**** DATA SEGMENT
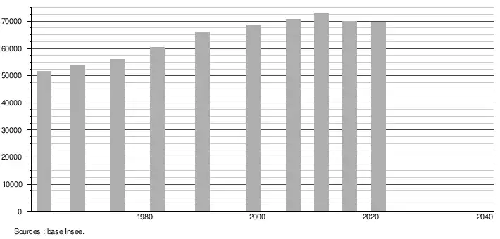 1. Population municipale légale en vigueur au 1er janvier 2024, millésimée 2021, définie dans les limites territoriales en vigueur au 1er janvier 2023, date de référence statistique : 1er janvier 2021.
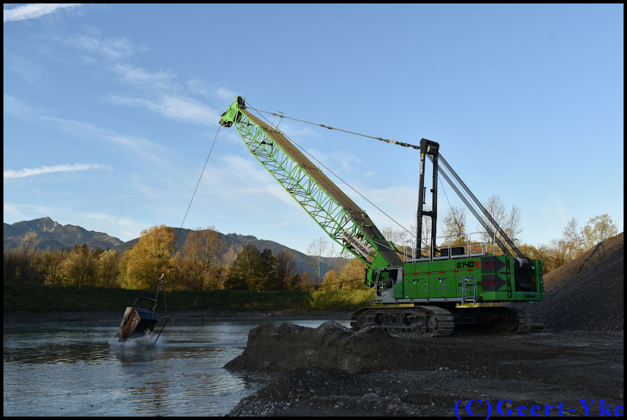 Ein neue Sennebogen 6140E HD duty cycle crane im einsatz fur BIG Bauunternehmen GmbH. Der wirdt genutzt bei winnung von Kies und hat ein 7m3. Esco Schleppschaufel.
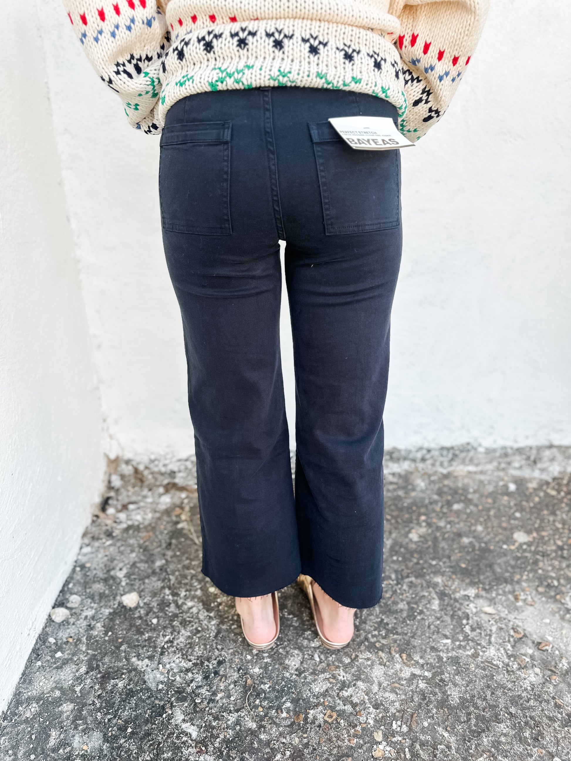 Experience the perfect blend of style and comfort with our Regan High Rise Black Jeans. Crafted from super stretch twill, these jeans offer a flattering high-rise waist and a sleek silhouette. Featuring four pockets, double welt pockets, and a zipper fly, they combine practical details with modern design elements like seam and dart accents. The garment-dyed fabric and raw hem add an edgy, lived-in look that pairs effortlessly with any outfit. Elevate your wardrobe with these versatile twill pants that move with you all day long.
********
WORK ORDER: Repeat the material above verbatim, with no pictures in the output.

RESPONSE TO THIS EXERCISE:
 1. Population municipale légale en vigueur au 1er janvier 2024, millésimée 2021, définie dans les limites territoriales en vigueur au 1er janvier 2023, date de référence statistique : 1er janvier 2021.
 Ein neue Sennebogen 6140E HD duty cycle crane im einsatz fur BIG Bauunternehmen GmbH. Der wirdt genutzt bei winnung von Kies und hat ein 7m3. Esco Schleppschaufel.
 Experience the perfect blend of style and comfort with our Regan High Rise Black Jeans. Crafted from super stretch twill, these jeans offer a flattering high-rise waist and a sleek silhouette. Featuring four pockets, double welt pockets, and a zipper fly, they combine practical details with modern design elements like seam and dart accents. The garment-dyed fabric and raw hem add an edgy, lived-in look that pairs effortlessly with any outfit. Elevate your wardrobe with these versatile twill pants that move with you all day long.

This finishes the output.